United States District Court, N.D. Iowa, Cedar Rapids Division

April 28, 2014

UNITED STATES OF AMERICA, Plaintiff,
v.
JAMIE GOAD, Defendant.

ORDER

LINDA R. READE, District Judge.

I. INTRODUCTION

The matter before the court is Defendant Jamie Goad's "Motion to Dismiss for Lack of Jurisdiction/Failing to State an Offense" ("Motion") (docket no. 9).

II. RELEVANT FACTUAL AND PROCEDURAL HISTORY

On December 23, 2010, Defendant was sentenced to twenty-four months' imprisonment and three years of supervised release for possession of a firearm after a conviction for a misdemeanor crime of domestic violence. See United States v. Goad, 10-CR-44-LRR, Judgment (docket no. 37). On June 14, 2012, Defendant's release was revoked and Defendant was sentenced to eleven months' imprisonment. Id. Judgment (docket no. 52). On June 4, 2013, Defendant's release was again revoked and he was sentenced to five months' imprisonment and he was ordered to reside in a residential reentry center for a period of up to 120 days following release from prison. Id. Judgment (docket no. 64). On December 11, 2013, Defendant left the residential reentry center without permission and did not return. Defendant's release was again revoked and he was sentenced to twenty-four months' imprisonment with no supervised release to follow. Id. Judgment (docket no. 76).

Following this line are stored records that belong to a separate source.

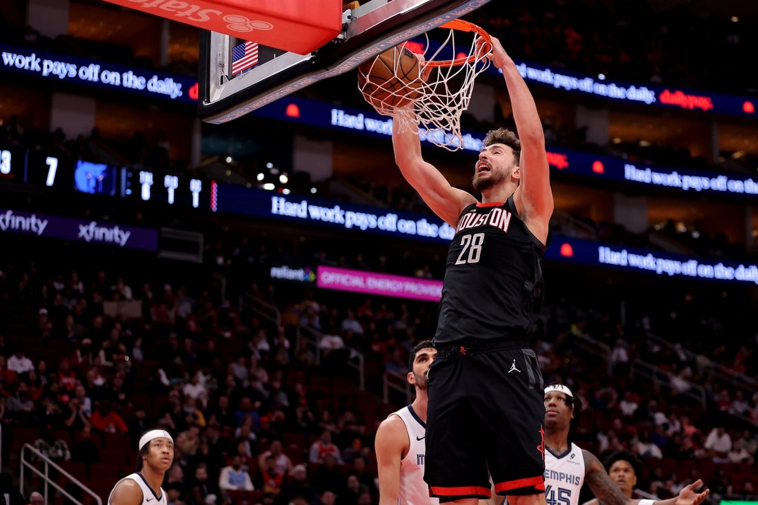 Jan 26, 2026; Houston, Texas, USA; Houston Rockets center Alperen Sengun (28) dunks against the Memphis Grizzlies during the first quarter at Toyota Center. Mandatory Credit: Erik Williams-Imagn Images Alperen Sengun and Kevin Durant tallied 33 points apiece to fuel the Houston Rockets to a 108-99 comeback victory at home over the short-handed Memphis Grizzlies on Monday.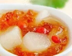 材料:桃胶、雪梨、枸杞、冰糖。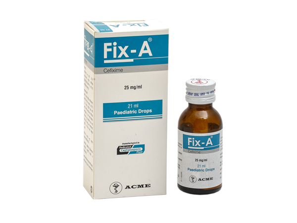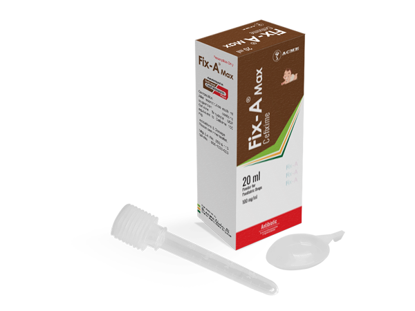 Powder for Paediatric Drops (Fix-A® Max): Each ml contains Cefixime Trihydrate USP equivalent to Cefixime 100 mg after reconstitution.

On February 25, 2014, the grand jury returned a one-count Indictment (docket no. 2) against Defendant. The Indictment charged Defendant with knowingly escaping from an institution or facility in which he was lawfully confined in violation of 18 U.S.C. § 751(a). On March 27, 2014, Defendant filed the Motion. On April 1, 2014, the government filed a Resistance (docket no. 10). The Motion is fully submitted and ready for decision.

III. ANALYSIS

A. Parties' Arguments

In the Motion, Defendant moves pursuant to Federal Rule of Criminal Procedure 12(b) and argues that 18 U.S.C. § 751(a) does not apply to him and the court should dismiss the Indictment because he was not in "custody" for purposes of 18 U.S.C. § 751(a) while he was residing at a residential reentry center ("RRC"). Defendant contends that the court should "follow the Ninth Circuit [Court of Appeals's] interpretation of the term custody'" by "drawing a two-part critical distinction[:]... whether the individual was in the custody of the Attorney General and whether the conditions of release more closely resemble incarceration or probation." Brief in Support of the Motion (docket no. 9-1) at 2. Defendant urges the court to further conclude, consistent with the Ninth Circuit, that residence at an RRC does not constitute "custody" under the statute.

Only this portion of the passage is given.